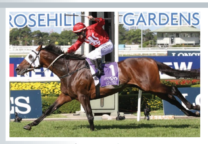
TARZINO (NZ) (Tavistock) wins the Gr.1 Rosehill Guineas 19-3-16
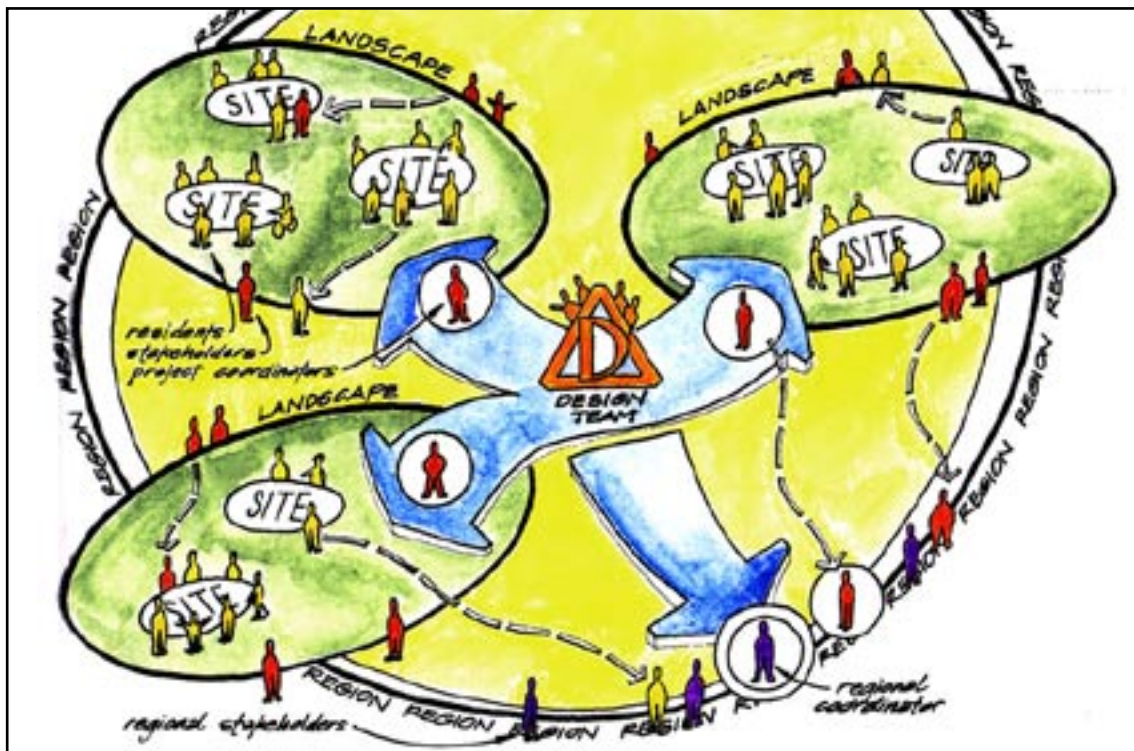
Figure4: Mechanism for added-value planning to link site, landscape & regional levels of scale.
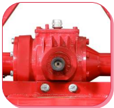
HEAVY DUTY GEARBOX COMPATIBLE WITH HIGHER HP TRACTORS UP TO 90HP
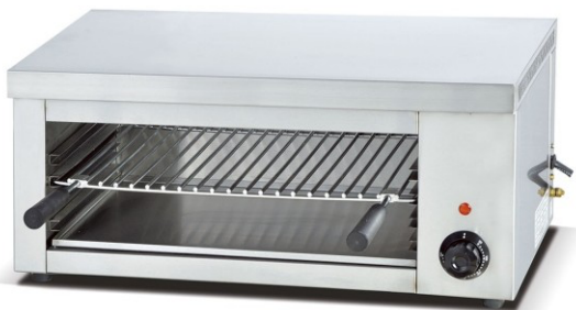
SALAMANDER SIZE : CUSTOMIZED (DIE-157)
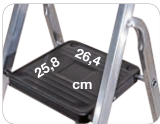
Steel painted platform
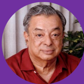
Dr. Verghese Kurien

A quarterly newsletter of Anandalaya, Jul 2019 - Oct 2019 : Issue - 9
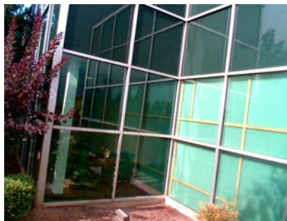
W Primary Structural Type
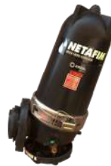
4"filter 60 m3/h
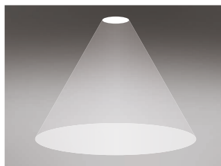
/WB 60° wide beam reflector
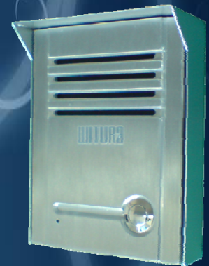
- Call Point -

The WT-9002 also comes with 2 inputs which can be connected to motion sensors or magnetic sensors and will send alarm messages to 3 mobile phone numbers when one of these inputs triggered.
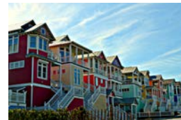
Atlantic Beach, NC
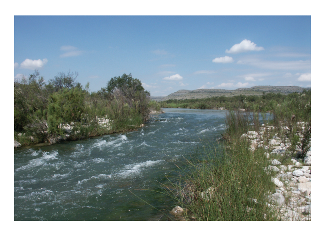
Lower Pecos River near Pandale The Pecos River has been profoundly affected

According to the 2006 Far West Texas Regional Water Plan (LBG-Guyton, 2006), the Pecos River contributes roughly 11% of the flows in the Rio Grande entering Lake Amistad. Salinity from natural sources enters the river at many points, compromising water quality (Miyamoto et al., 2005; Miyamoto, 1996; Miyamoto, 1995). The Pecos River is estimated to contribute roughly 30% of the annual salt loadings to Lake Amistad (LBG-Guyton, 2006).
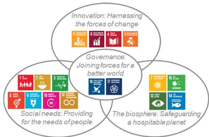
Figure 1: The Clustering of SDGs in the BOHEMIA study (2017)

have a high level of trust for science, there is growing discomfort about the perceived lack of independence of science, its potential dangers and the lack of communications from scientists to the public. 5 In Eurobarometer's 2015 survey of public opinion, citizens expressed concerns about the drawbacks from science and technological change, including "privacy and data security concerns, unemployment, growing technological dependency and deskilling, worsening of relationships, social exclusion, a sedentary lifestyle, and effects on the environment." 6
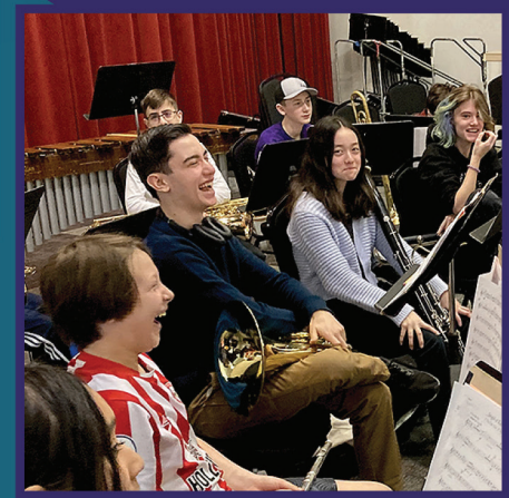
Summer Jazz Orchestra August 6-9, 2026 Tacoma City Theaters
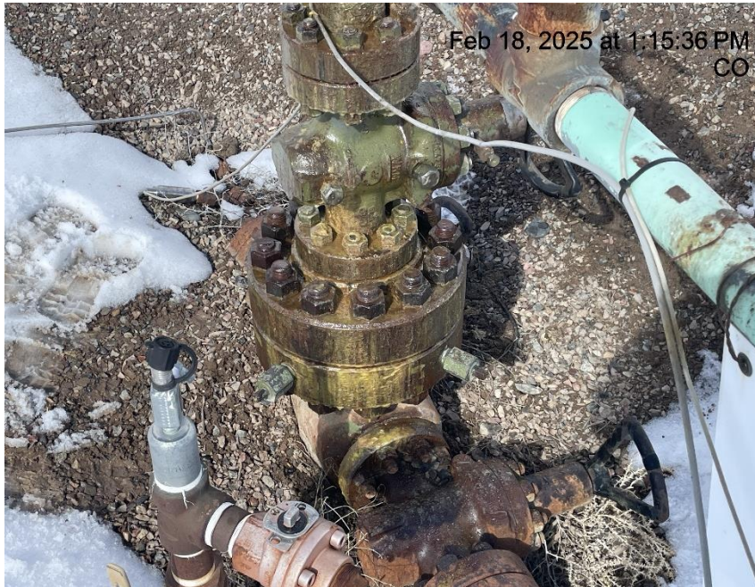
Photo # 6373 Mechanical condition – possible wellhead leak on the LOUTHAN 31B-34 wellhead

* * * * * * * * *

- **Aim of the task**
If a line in the entries above contains the word "from", copy it.

- **Task result**
According to the 2006 Far West Texas Regional Water Plan (LBG-Guyton, 2006), the Pecos River contributes roughly 11% of the flows in the Rio Grande entering Lake Amistad. Salinity from natural sources enters the river at many points, compromising water quality (Miyamoto et al., 2005; Miyamoto, 1996; Miyamoto, 1995). The Pecos River is estimated to contribute roughly 30% of the annual salt loadings to Lake Amistad (LBG-Guyton, 2006).
have a high level of trust for science, there is growing discomfort about the perceived lack of independence of science, its potential dangers and the lack of communications from scientists to the public. 5 In Eurobarometer's 2015 survey of public opinion, citizens expressed concerns about the drawbacks from science and technological change, including "privacy and data security concerns, unemployment, growing technological dependency and deskilling, worsening of relationships, social exclusion, a sedentary lifestyle, and effects on the environment." 6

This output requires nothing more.